Activity:
What is needed here is an exact repetition of the records below, beginning at the line that has "Оказывается, одним из" and stopping after the line that has "Картридж SEGA сборник".

Data supplied:
# # # # #

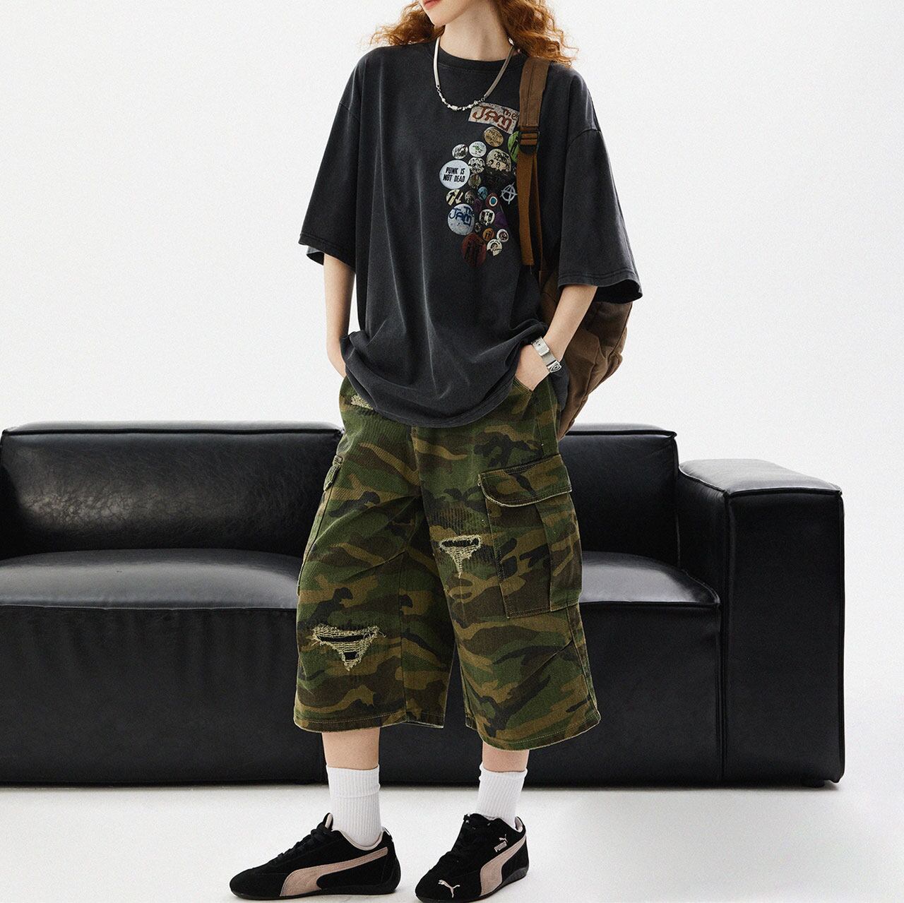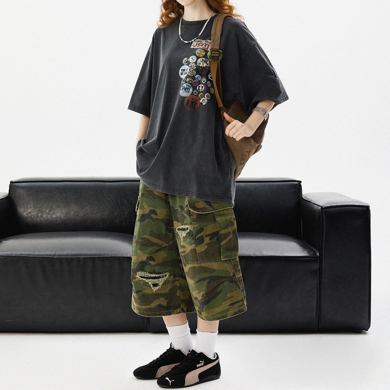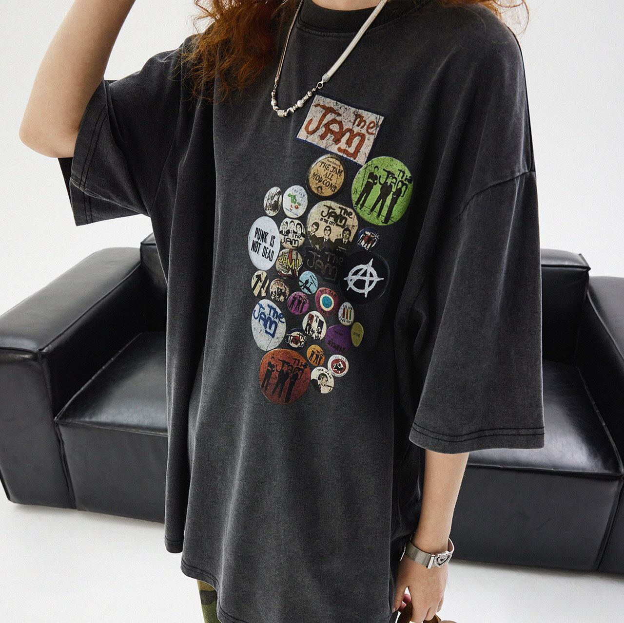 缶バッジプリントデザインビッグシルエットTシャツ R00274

# # # # #

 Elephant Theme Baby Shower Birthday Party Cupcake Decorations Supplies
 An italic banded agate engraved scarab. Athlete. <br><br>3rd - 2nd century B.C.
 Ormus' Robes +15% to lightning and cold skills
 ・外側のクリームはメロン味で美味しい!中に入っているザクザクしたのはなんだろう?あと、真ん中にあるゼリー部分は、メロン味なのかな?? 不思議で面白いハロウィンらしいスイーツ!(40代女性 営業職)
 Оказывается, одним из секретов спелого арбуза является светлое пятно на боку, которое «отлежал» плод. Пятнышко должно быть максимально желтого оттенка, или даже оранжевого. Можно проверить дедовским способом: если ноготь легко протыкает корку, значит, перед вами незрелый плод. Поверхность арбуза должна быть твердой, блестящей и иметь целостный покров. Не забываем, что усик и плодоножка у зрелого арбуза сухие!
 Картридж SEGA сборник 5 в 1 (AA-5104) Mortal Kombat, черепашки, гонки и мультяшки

# # # # #

Exercise solution:
 Оказывается, одним из секретов спелого арбуза является светлое пятно на боку, которое «отлежал» плод. Пятнышко должно быть максимально желтого оттенка, или даже оранжевого. Можно проверить дедовским способом: если ноготь легко протыкает корку, значит, перед вами незрелый плод. Поверхность арбуза должна быть твердой, блестящей и иметь целостный покров. Не забываем, что усик и плодоножка у зрелого арбуза сухие!
 Картридж SEGA сборник 5 в 1 (AA-5104) Mortal Kombat, черепашки, гонки и мультяшки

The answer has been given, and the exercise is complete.